NEW YORK (GenomeWeb News) – A genome-wide RNAi screen has turned up hundreds of potential drug targets for Huntington's disease, according to a paper published yesterday in PLoS Genetics.
In addition, the study, presented by researchers from the Buck Institute for Research on Aging and Baylor College of Medicine, indicated a role for the RRAS signaling pathway in the pathology of the disease and suggested that inhibition of the RRAS pathway could be a possible treatment approach for Huntington's disease.

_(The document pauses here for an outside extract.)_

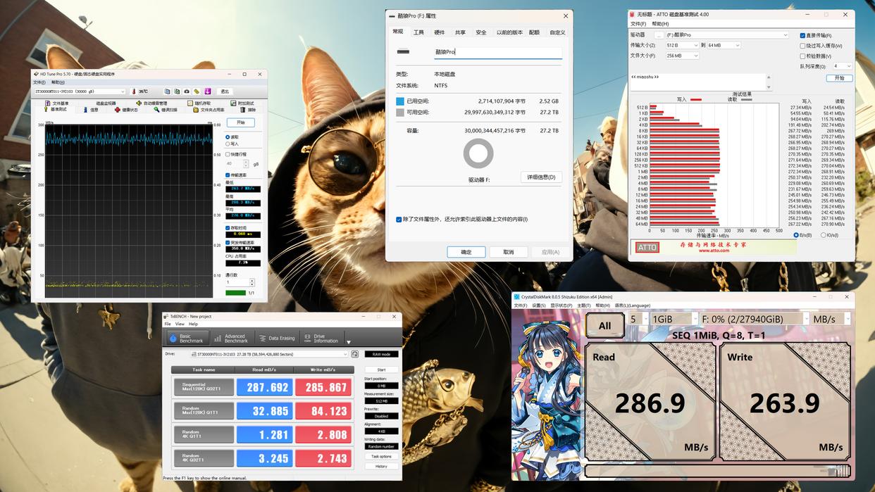 作为一款大容量的NAS专用盘,酷狼Pro 30TB在速度和稳定性上的表现都很不错,挂载之后磁盘容量为27.2TB,HD Tune Pro的连续传输曲线最低 263.7MB/s,最高288.3MB/s,稳定在276MB/s。

"It seemed to me that there was an unmet need of a comprehensive target-discovery screen [for Huntington's disease]," Buck's Robert Hughes told GenomeWeb Daily News. "We wanted to see if we could map out the target space a little bit, and, hopefully, that'll jump start some target-based drug discovery."
Hughes and his colleagues performed a genome-wide RNAi screen to unearth modifiers of mutant huntingtin toxicity in a human cell-based model of the disease. From this screen, the researchers uncovered a number of cellular proteins that could reduce mutant huntingtin toxicity. Of the siRNAs tested, 130 reduced toxicity by one standard deviation below the mean, while eight reduced it by two standard deviations below the mean.
Through an ontological analysis of those 130 siRNAs, the researchers found a number of cellular processes, both known and novel, linked to Huntington's disease, including hydrolase activity, proteolysis, and peptidase activity. The researchers noted in the paper that uncovering processes known to be involved in the disease underscored that "the cell-model and modifier results are generally relevant to molecular aspects of the disease."
The researchers then homed in on RRAS and its signaling pathway — which had not been previously linked to Huntington's disease — for further study. RRAS activates a number of downstream targets, including RAF1, and is involved in cell motility and neuronal development.
"We became particularly interested in RRAS just because it had a fairly potent effect on the toxicity of mutant huntingtin when knocked down, and it also had some interesting biology around it," said Hughes.
He and his colleagues further validated the role of members of the RRAS signaling pathway in Huntington's disease by examining its effects in other models of the disease, finding abnormal activation of RRAS and RAF1 in both cellular and mouse models of the disease.
In addition, the researchers reported that mutant huntingtin and RRAS co-localize to lamellipodia and perinuclear regions of cells as well as in the striatum of mice, "suggest[ing] that mutant huntingtin may exert some direct effect on RRAS through protein interaction or presence in a shared protein complex."
Then, using a farnesyltransferase inhibitor, the researchers showed that inhibiting the Ras signaling pathway suppressed mutant huntingtin toxicity.
While the results were encouraging, Hughes noted that it is a long and difficult road to get from a possible drug target to having a therapeutic. However, he said that knowing that RRAS responds to extracellular ligands, as it does when it mediates neuronal migration, is helpful. "Given that we know that this particular protein [and] its activity can be activated by extracellular ligands, that provides an opportunity for drugging it," he added.